The house and adjacent gardens were never Audubon’s though they were made famous by his stay there during the 1830s when he worked on his Birds of America book. The tour as I described it in the book highlights some of the architectural details as well as Audubon’s works. As a contractor the construction techniques were interesting. Built by a shipbuilder named Alfred Evans who used a special shipbuilding technique of gradually bending the wood for circular archways and stairways.
Though I enjoyed the house and property, what I wanted to see was the replica of Geiger’s study where Wood finds the chart he used to try and locate a lost wreck.

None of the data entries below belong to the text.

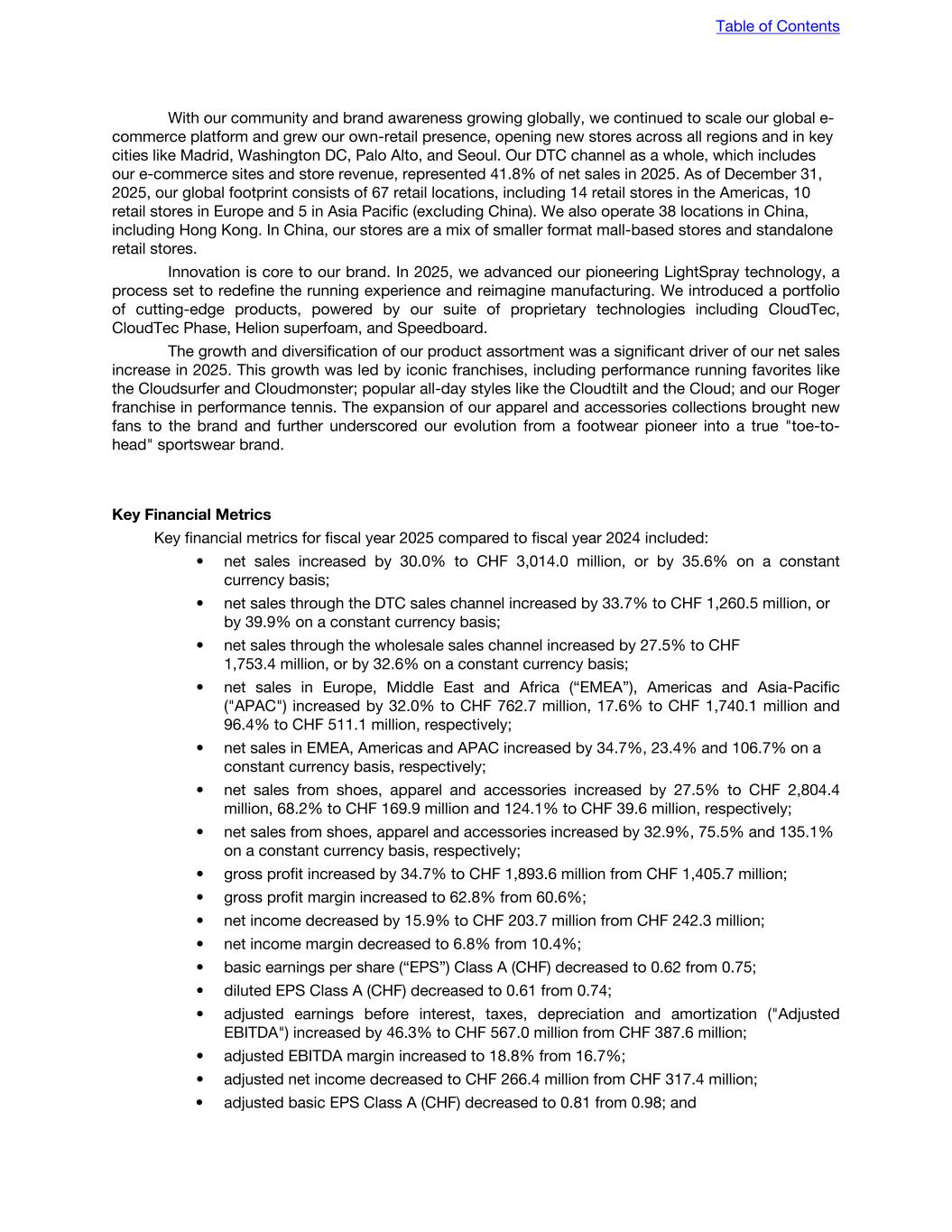 With our community and brand awareness growing globally, we continued to scale our global e- commerce platform and grew our own-retail presence, opening new stores across all regions and in key cities like Madrid, Washington DC, Palo Alto, and Seoul. Our DTC channel as a whole, which includes our e-commerce sites and store revenue, represented 41.8% of net sales in 2025. As of December 31, 2025, our global footprint consists of 67 retail locations, including 14 retail stores in the Americas, 10 retail stores in Europe and 5 in Asia Pacific (excluding China). We also operate 38 locations in China, including Hong Kong. In China, our stores are a mix of smaller format mall-based stores and standalone retail stores. Innovation is core to our brand. In 2025, we advanced our pioneering LightSpray technology, a process set to redefine the running experience and reimagine manufacturing. We introduced a portfolio of cutting-edge products, powered by our suite of proprietary technologies including CloudTec, CloudTec Phase, Helion superfoam, and Speedboard. The growth and diversification of our product assortment was a significant driver of our net sales increase in 2025. This growth was led by iconic franchises, including performance running favorites like the Cloudsurfer and Cloudmonster; popular all-day styles like the Cloudtilt and the Cloud; and our Roger franchise in performance tennis. The expansion of our apparel and accessories collections brought new fans to the brand and further underscored our evolution from a footwear pioneer into a true "toe-to- head" sportswear brand. Key Financial Metrics Key financial metrics for fiscal year 2025 compared to fiscal year 2024 included: • net sales increased by 30.0% to CHF 3,014.0 million, or by 35.6% on a constant currency basis; • net sales through the DTC sales channel increased by 33.7% to CHF 1,260.5 million, or by 39.9% on a constant currency basis; • net sales through the wholesale sales channel increased by 27.5% to CHF 1,753.4 million, or by 32.6% on a constant currency basis; • net sales in Europe, Middle East and Africa (“EMEA”), Americas and Asia-Pacific ("APAC") increased by 32.0% to CHF 762.7 million, 17.6% to CHF 1,740.1 million and 96.4% to CHF 511.1 million, respectively; • net sales in EMEA, Americas and APAC increased by 34.7%, 23.4% and 106.7% on a constant currency basis, respectively; • net sales from shoes, apparel and accessories increased by 27.5% to CHF 2,804.4 million, 68.2% to CHF 169.9 million and 124.1% to CHF 39.6 million, respectively; • net sales from shoes, apparel and accessories increased by 32.9%, 75.5% and 135.1% on a constant currency basis, respectively; • gross profit increased by 34.7% to CHF 1,893.6 million from CHF 1,405.7 million; • gross profit margin increased to 62.8% from 60.6%; • net income decreased by 15.9% to CHF 203.7 million from CHF 242.3 million; • net income margin decreased to 6.8% from 10.4%; • basic earnings per share (“EPS”) Class A (CHF) decreased to 0.62 from 0.75; • diluted EPS Class A (CHF) decreased to 0.61 from 0.74; • adjusted earnings before interest, taxes, depreciation and amortization ("Adjusted EBITDA") increased by 46.3% to CHF 567.0 million from CHF 387.6 million; • adjusted EBITDA margin increased to 18.8% from 16.7%; • adjusted net income decreased to CHF 266.4 million from CHF 317.4 million; • adjusted basic EPS Class A (CHF) decreased to 0.81 from 0.98; and Table of Contents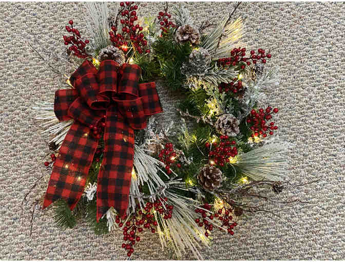 This 20-inch lifelike evergreen wreath is exquisitely embellished with snow-covered scotch pine needles, pinecones, ice-covered branches, lots of red berries, a large red plaid bow, and 50 LED lights. The lights are powered by 3 AA batteries (included). The lights can be turned on or off whenever you want, or they can run on a timer to be automatically on for 6 hours, then off for 18 hours, each day.
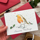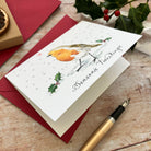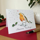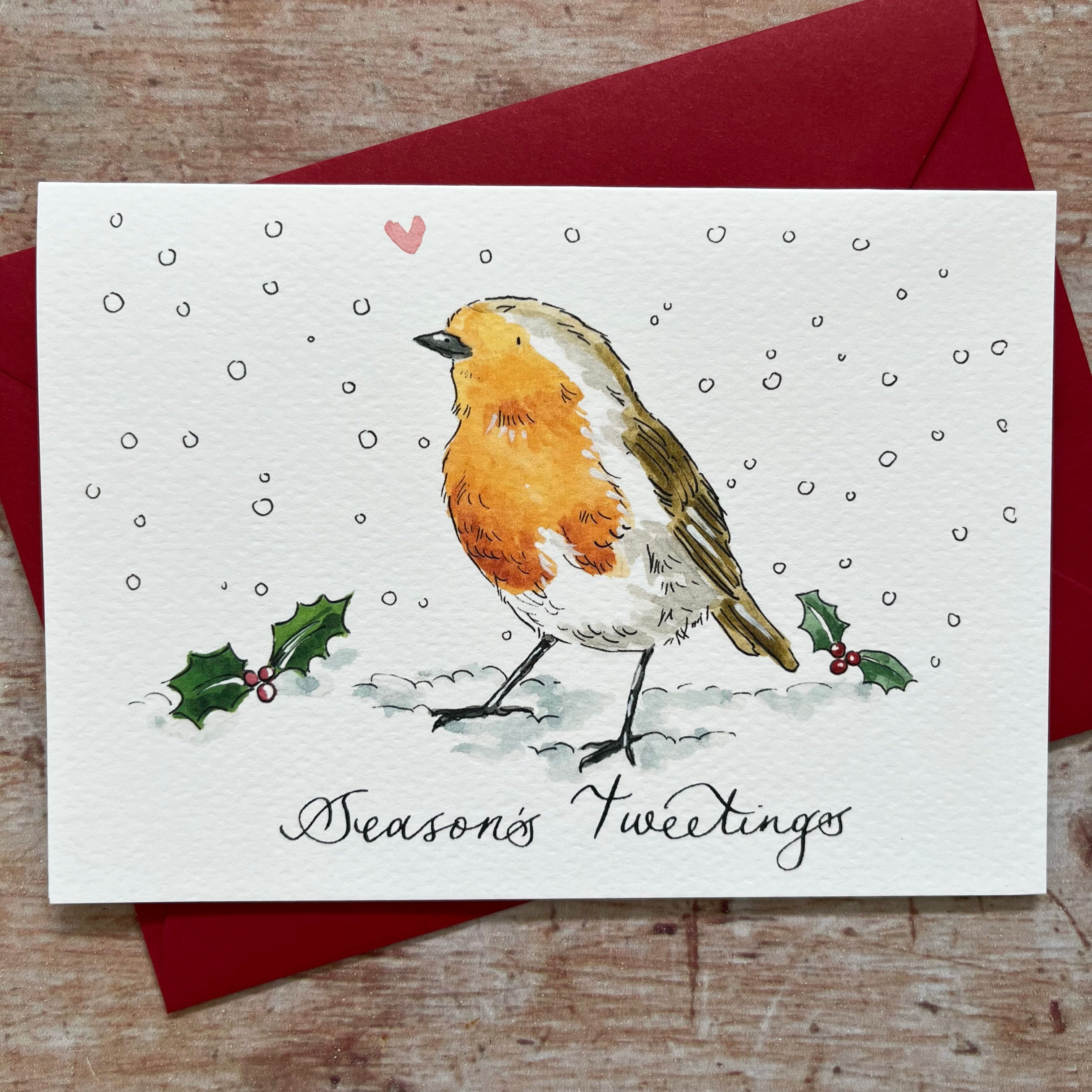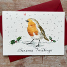 Send 'Season's Tweetings' with this beautiful card of a robin in the snow with holly.
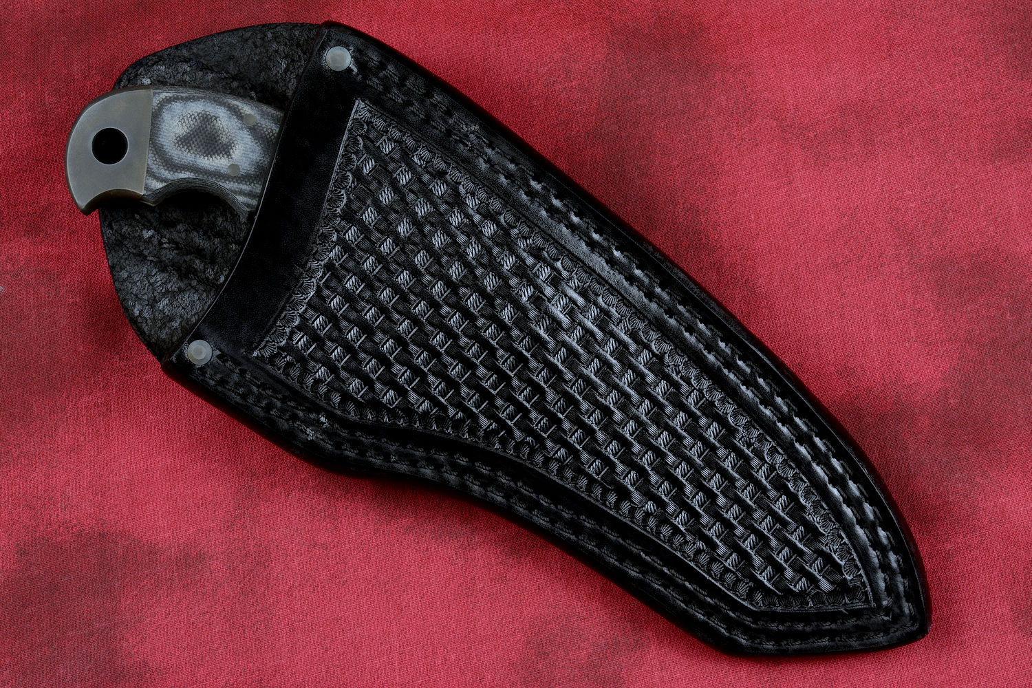locking sheath upside down across sternum, handle down, in black polypropylene,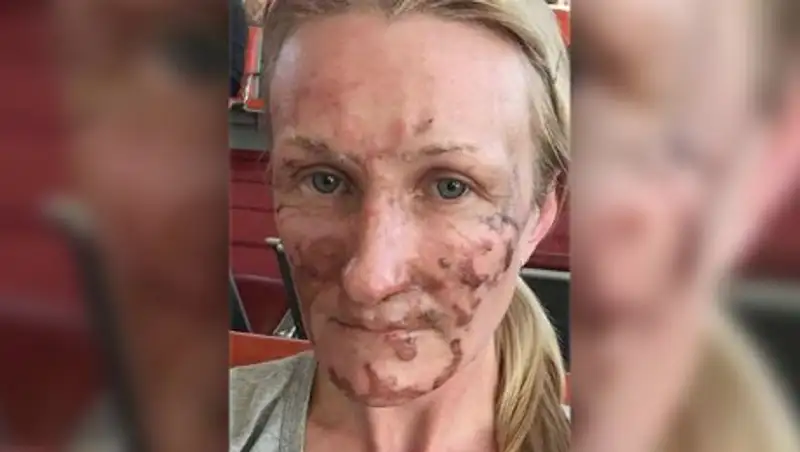 У женщины были диагностированы ожоги второй степени, из-за которых на её лице остались шрамы.

The study is also featured in the book.
Captain Geiger raised many children in the house, and planted beautiful tropical vegetation on the property. It was the beautiful plants which drew Audubon to it during his visit in 1832. Audubon took cuttings from the plants growing on the property, and used them as backgrounds in many works, including the White crowned Pigeon, which has the "Geiger tree" in the background.
This was the first restoration project in Key West and is still considered the gem of the island's restoration movement. Antique enthusiasts who tour the house appreciate the unique quality of the furnishings, which were typically found in a prosperous Key West home in the 1800s.